[Data extracted from a collection]
===

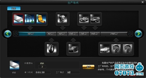 1、進(jìn)入工廠生產(chǎn):根據(jù)工廠等級(最高20級)的不同,生產(chǎn)的產(chǎn)品不同;等級越高產(chǎn)品值越好。
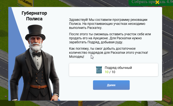 В Полисе есть участки земли, собственники, которых давно не появлялись в полисе. Такие участки отмечены специальными табличками. Раскатывайте эти участки и забирайте их себе или продавайте на аукционе и получайте прибыль!
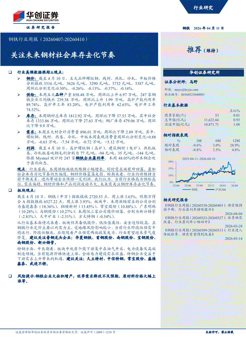 鋼鐵行業(yè):華創(chuàng)證券-鋼鐵行業(yè)周報(bào):關(guān)注未來(lái)鋼材社會(huì)庫(kù)存去化節(jié)奏-260411
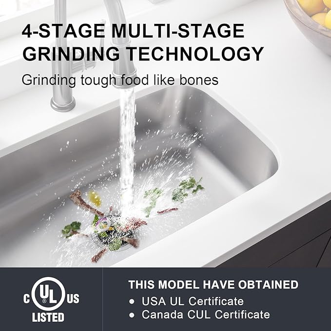 - Advanced Grinding Performance: 4-stage grinding technology pulverizes tough food waste like peach pits and small bones. High-speed AC motor delivers powerful performance while preventing clogs with precision-ground components.
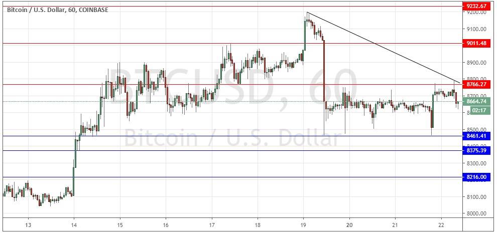 Yesterday’s signals produced a short trade from the recent bearish rejection of the resistance level identified at $8,766 which is in a small amount of floating profit at the time of writing, but it does not look like a very high-probability trade so it may be wise to take the risk off the trade by closing part of the position for profit.
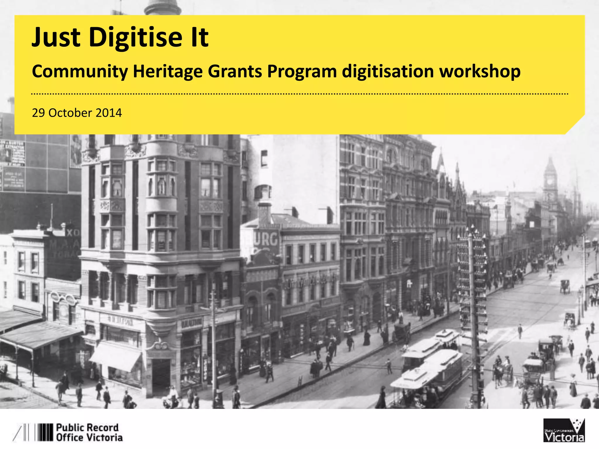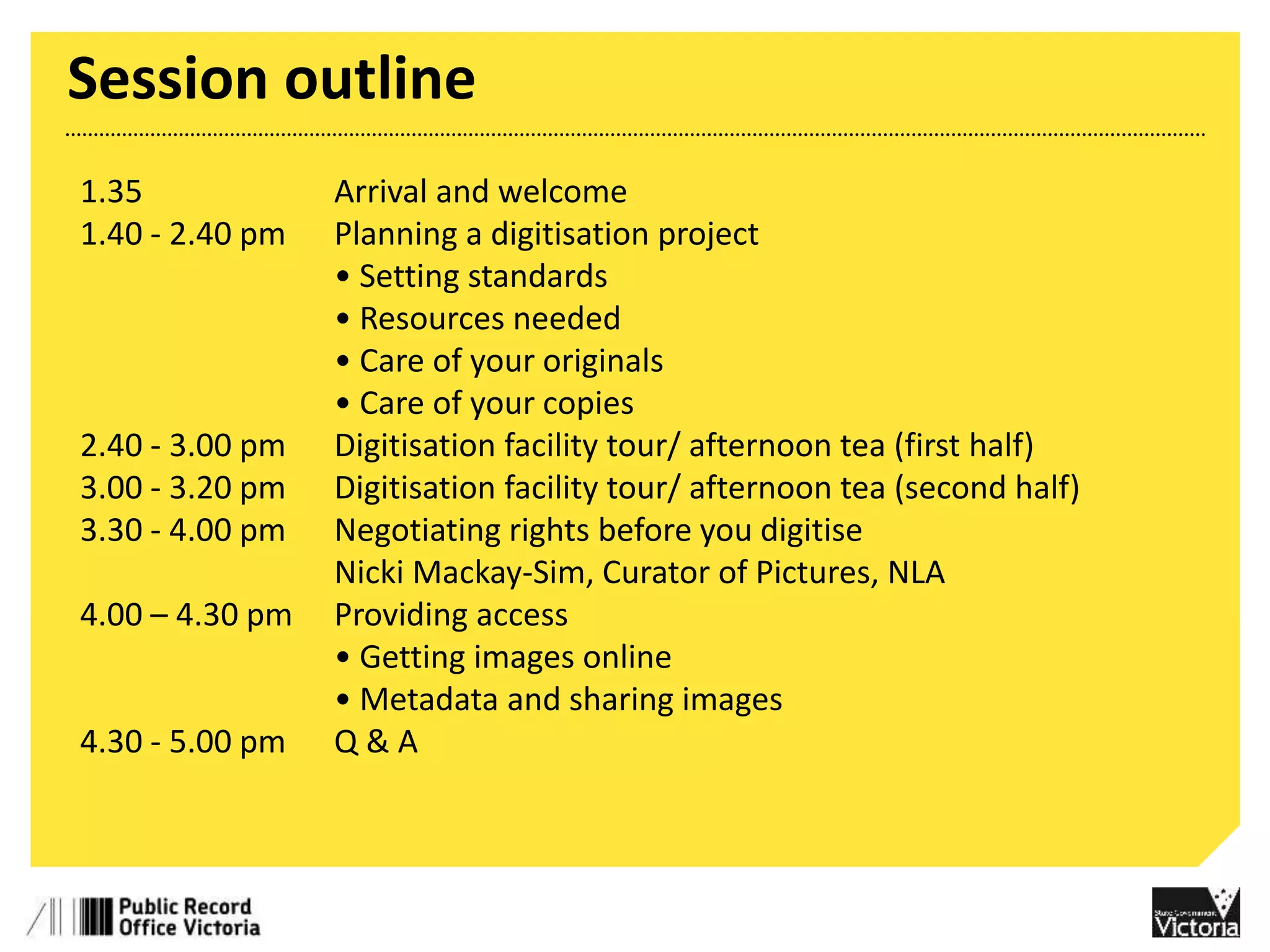 This document outlines the agenda and topics that will be covered in a digitization workshop for community heritage organizations. The session will cover how to plan a digitization project by setting standards, assessing needed resources, and caring for original and digital materials. It will also discuss providing access online, including issues around rights, metadata, and sharing images. Key topics include setting an appropriate level of technical standards based on the project goals and constraints, ensuring backups and long-term preservation of digital files, and creating descriptive metadata to enable discovery and use of digitized collections.
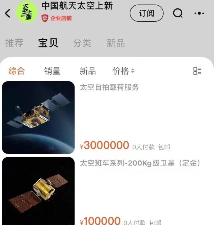 《騰訊網》上有網友表示,淘寶上一間名為「中國航空天文上新」的店家販賣了各式各樣新奇的天文物品,包含要價300萬元人民幣的太空自拍載荷服務,以及一款售價10萬元人民幣名為「太空班車系列-200KG級衛星」的商品,下方標註竟還寫着「包郵」二字,不過實際要怎麼配送,又會送來甚麼東西,目前都不得而知,兩樣商品至今仍是0人付款的狀態。網友後續查詢發現,該家淘寶店鋪背後的運營公司是成立於2016年的「北京太空上新文化傳播有限公司」,主要做零售業、廣告設計、代理等業務,至於商用衛星本體,據了解是由「九天微星工廠」合作製造。
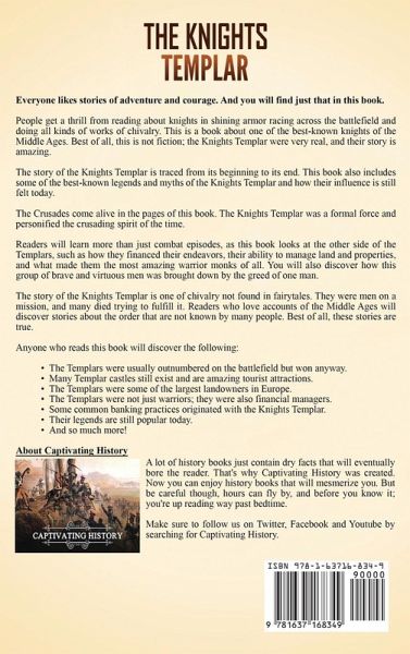 Everyone likes stories of adventure and courage. And you will find just that in this book. People get a thrill from reading about knights in shining armor racing across the battlefield and doing all kinds of works of chivalry. This is a book about one of the best-known knights of the Middle Ages. Best of all, this is not fiction; the Knights Templar were very real, and their story is amazing. The story of the Knights Templar is traced from its beginning to its end. This book also includes some of the best-known legends and myths of the Knights Templar and how their influence is still felt today. The Crusades come alive in the pages of this book. The Knights Templar was a formal force and personified the crusading spirit of the time. Readers will learn more than just combat episodes, as this book looks at the other side of the Templars, such as how they financed their endeavors, their ability to manage land and properties, and what made them the most amazing warrior monks of all. You will also discover how this group of brave and virtuous men was brought down by the greed of one man. The story of the Knights Templar is one of chivalry not found in fairytales. They were men on a mission, and many died trying to fulfill it. Readers who love accounts of the Middle Ages will discover stories about the order that are not known by many people. Best of all, these stories are true. Anyone who reads this book will discover the following: The Templars were usually outnumbered on the battlefield but won anyway. Many Templar castles still exist and are amazing tourist attractions. The Templars were some of the largest landowners in Europe. The Templars were not just warriors; they were also financial managers. Some common banking practices originated with the Knights Templar. Their legends are still popular today. And so much more!
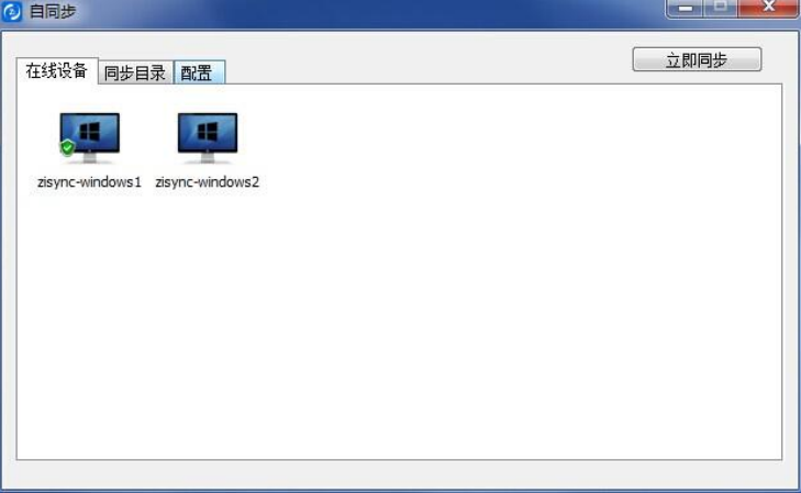 輸入您的同步口令(我們在此輸入同步口令 zisync),點擊完成,發現另外一臺同步口令為zisync的設備(zisync-window2),其中 zisync-window1為當前設備,如圖:
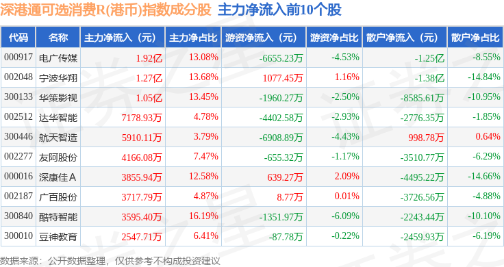 资金流向方面,深港通可选消费R(港币)(483020)指数成份股当日主力资金净流出合计57.73亿元,游资资金净流入合计7.45亿元,散户资金净流入合计50.27亿元。成份股资金流向详情见下表:
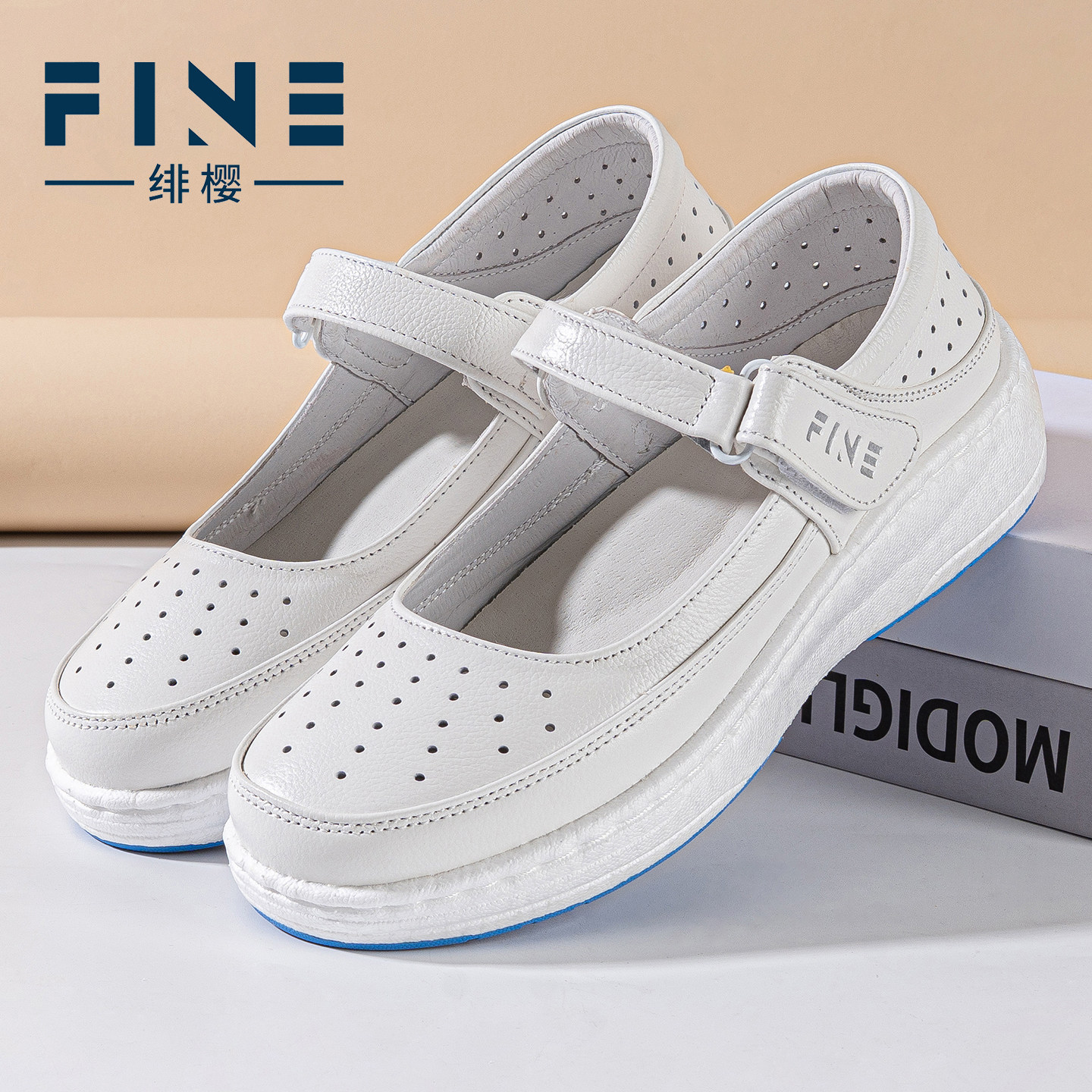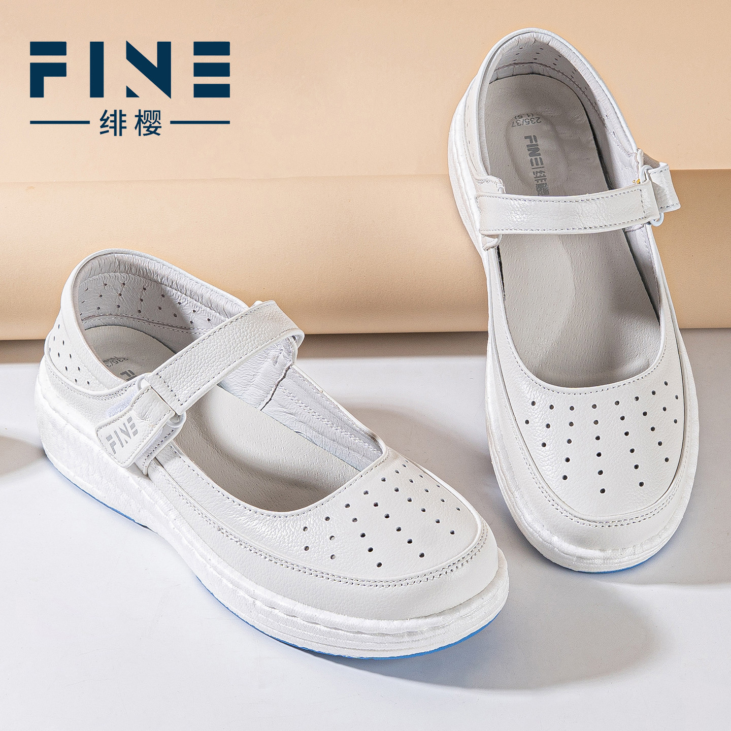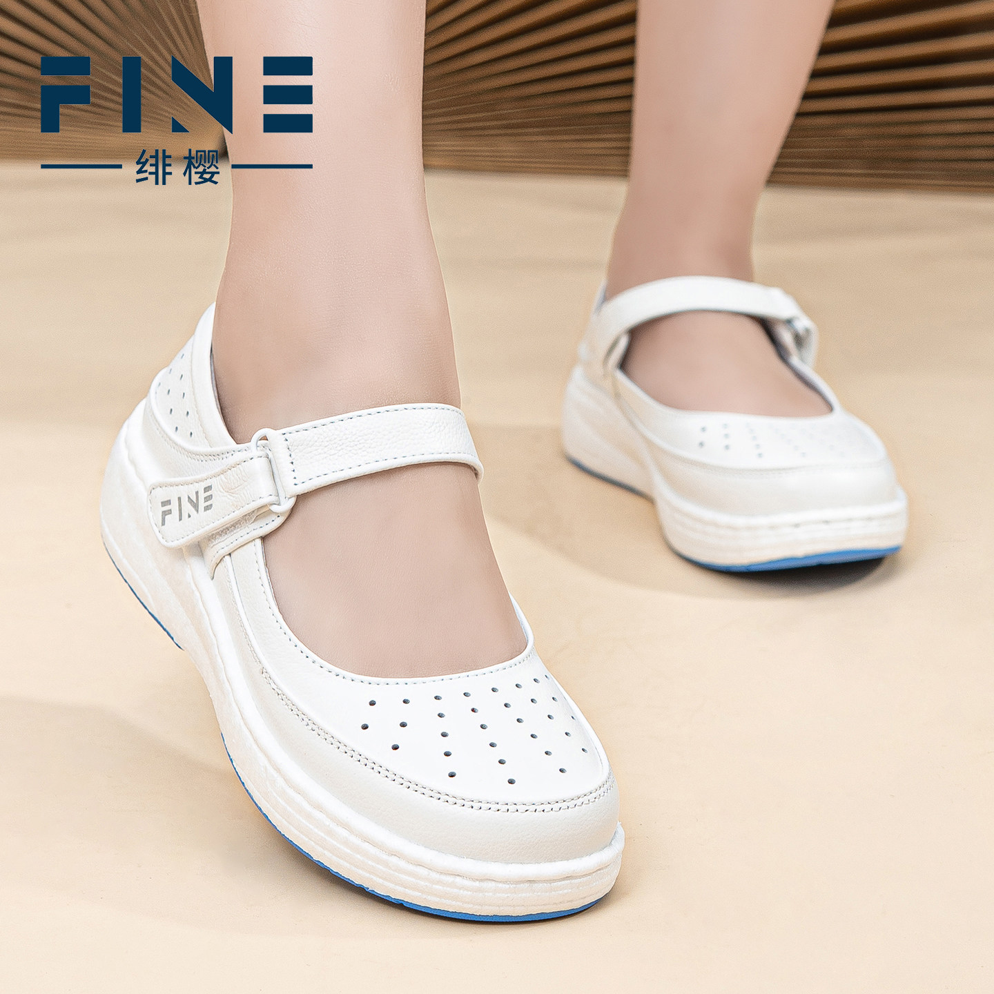 绯樱真皮护士鞋女软底透气不累脚头层牛皮防滑舒适白色医护工作鞋
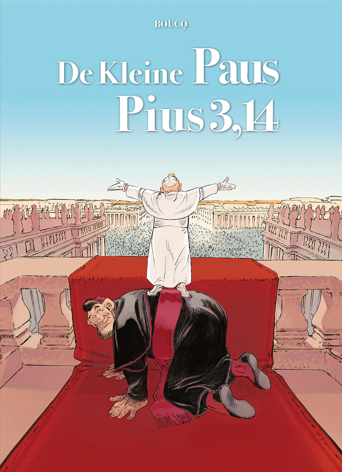 De Kleine Paus Pius 3,14 (januari) 'Het conclaaf heeft zojuist een nieuwe paus gekozen in de persoon van Pius 3,14. De menigte gelovigen verzamelt zich en ontdekt een paus zo groot als drie appels, maar zeer kleurrijk! Hij is klein van gestalte, maar groot van hart. Zijne Heiligheid de paus wil van iedereen zijn, zonder uitzondering. Hij is zo nederig dat hij zijn pausmobiel heeft ingeruild voor een eenvoudige kinderwagen. En hij is zeven dagen per week bereikbaar op een gratis nummer! Vergezeld van Gontrand, zijn trouwe bisschop met een imposante lengte, beleeft Pius 3,14 enkele ongelooflijke avonturen, van plechtige audiënties tot fantasievolle zegeningen voor zombies, waaronder een onwaarschijnlijke redding van de wereld samen met Superhyperman. Deze kleine paus, Pius 3,14, zal zeker zijn stempel drukken! François Boucq, bekend van de western Bouncer, keert terug naar het satirische genre met deze korte verhalen over de kleinste paus in de geschiedenis.'

===

Your assignment >> Drop the pictures; return the lines above from the line containing "- Advanced Grinding" to the line containing "Yesterday’s signals produced", both included, exactly.

Output for this task >>
 - Advanced Grinding Performance: 4-stage grinding technology pulverizes tough food waste like peach pits and small bones. High-speed AC motor delivers powerful performance while preventing clogs with precision-ground components.
 Yesterday’s signals produced a short trade from the recent bearish rejection of the resistance level identified at $8,766 which is in a small amount of floating profit at the time of writing, but it does not look like a very high-probability trade so it may be wise to take the risk off the trade by closing part of the position for profit.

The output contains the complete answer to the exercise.